Une manière commode de contourner le problème de la qualification consistait à les présenter comme une alliance entre différentes fractions de classe. En soi, c’était vrai, mais d’une certaine manière cela éludait le problème. Dans cet article, nous allons montrer que réfléchir à la condition de classe des Gilets jaunes amène à renouveler la manière même de concevoir les classes sociales. Alors que celles-ci sont appréhendées (chez Marx) à travers la position relative dans le processus de production, ou (chez Bourdieu) à partir de l’unité des styles de vie et des pratiques culturelles, nous proposons ici de les appréhender à partir de leurs vulnérabilités. Ceci amène notamment à déplacer le regard des rapports de production, ou encore des pratiques culturelles, vers les pratiques matérielles de reproduction.
Dans son sens le plus général, la vulnérabilité désigne une « potentialité à être blessé[1]». Elle renvoie à la problématique de l’exposition au risque et des dommages et pertes associées. La vulnérabilité implique une combinaison de facteurs qui déterminent le degré auquel la vie et l’existence de quelqu’un est mise en danger par un phénomène ponctuel et identifiable se produisant dans la nature ou dans la société. Alors que l’approche classique des classes sociales s’intéresse à l’inégale distribution des biens (matériels ou symboliques), une entrée par le risque et la vulnérabilité conduit à placer la focale sur l’inégale distribution des maux[2]. Elle conduit aussi à étudier l’inégale capacité à faire face à des événements perturbateurs des agencements ordinaires.
Alors que cette approche est généralement développée pour étudier des risques naturels ou technologiques (catastrophes, épidémies, etc.), nous proposons de l’étendre à des risques sociaux [tels que le chômage, les ruptures conjugales, ou encore l’inflation]. Selon que les individus et ménages ont des marges de manœuvre budgétaires ou pas, de l’argent de côté (épargne), des ressources relationnelles sur qui ils peuvent compter, etc., ils n’ont pas la même capacité à absorber un choc tel qu’une perte d’emploi, une rupture conjugale ou encore l’augmentation brutale du prix d’un produit essentiel.

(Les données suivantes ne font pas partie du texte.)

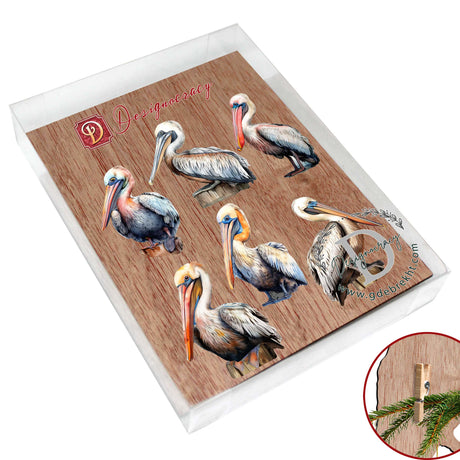 Pelicans Decorative Wooden Clip-on Ornaments of...

L’approche par les vulnérabilités différenciées a fait l’objet de développements suggestifs au tournant des années 1980/1990, notamment pour penser des situations intermédiaires entre la pauvreté et la pleine intégration sociale[3]. Néanmoins, elle est restée quelque peu marginale dans l’analyse des groupes sociaux en France, pour rester cantonnée à des spécialités telles que la sociologie de l’environnement ou la sociologie de la santé[4]. Cette marginalité relative dans le champ de la recherche est allée de pair avec l’immense succès de la notion dans le domaine des politiques publiques. De fait, l’usage de la notion dans le champ des politiques publiques incline à une lecture individualisante et dépolitisante du terme.

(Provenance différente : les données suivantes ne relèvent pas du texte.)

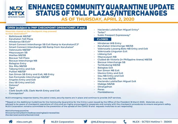 (Eagle News)–The Northern Luzon Expressway Corp. has released its list of updated toll plazas on NLEx and the Subic-Clark-Tarlac Expressway amid the enhanced community quarantine in Luzon.

C’est l’usage contraire que nous souhaitons ici promouvoir, pour montrer comment des vulnérabilités différenciées contribuent à structurer des groupes sociaux. Non réductibles à la logique des inégalités de distribution des capitaux sociaux, elles croisent celles-ci, pour éventuellement les redoubler. Dit encore autrement, elles s’inscrivent moins dans le champ des rapports sociaux de production que dans des dimensions de reproduction et d’intégration sociales. Cet état de vulnérabilité est, comme l’écrit Sylvia Becerra, « polymorphe », charriant aussi bien des questions économique, sociale et sanitaire qu’environnementale[5].
Vulnérabilités économiques
La dimension première de la vulnérabilité à laquelle les Gilets jaunes ont à faire face est économique, et s’inscrit dans les tensions qui pèsent sur les budgets familiaux. L’élément déclencheur de la révolte des Gilets jaunes a été l’augmentation d’une taxe sur le carburant diesel (TICPE). La colère des Gilets jaunes révélait moins un anti-fiscalisme primaire, d’inspiration poujadiste, que la très forte dépendance de certaines populations à un objet technique, l’automobile.
Comme l’ont montré certains travaux, cette dépendance à l’égard de l’automobile se traduit par un coefficient budgétaire de l’essence particulièrement élevé dans les milieux populaires résidant à distance des grandes villes[6]. L’automobile étant utilisée principalement pour des trajets domicile-travail, son usage est incompressible et correspond à une dépense contrainte[7]. Aussi, les ménages populaires ruraux et péri-urbains sont-ils particulièrement vulnérables à l’augmentation des prix de l’essence, et ne peuvent ajuster leur consommation à ces variations de prix. Autrement dit, quand le prix de l’essence augmente, ces ménages ne peuvent faire autrement que de maintenir leurs trajets automobiles et assumer l’augmentation du poids budgétaire de l’essence, avec des conséquences sur le reste des dépenses du ménage.
Mais, si le coût de l’essence a pu être le détonateur de la colère populaire, les Gilets jaunes expliquaient dans leurs témoignages que leur révolte ne portrait pas seulement sur l’essence mais sur « tout », c’est-à-dire, lorsque l’on creusait un peu, sur l’accès à un ensemble de produits de base, parmi lesquels l’alimentation et l’énergie. « À partir du 15 du mois, on mange que des pâtes », « on n’arrive plus à remplir le frigo » expliquaient ainsi les Gilets jaunes. Ce qui était en jeu, pour eux, ce n’était donc pas seulement l’essence, mais l’accès à un ensemble de « produits de base », essentiels pour la reproduction matérielle des ménages populaires, et pesant un poids prépondérant dans les budgets de ces mêmes ménages.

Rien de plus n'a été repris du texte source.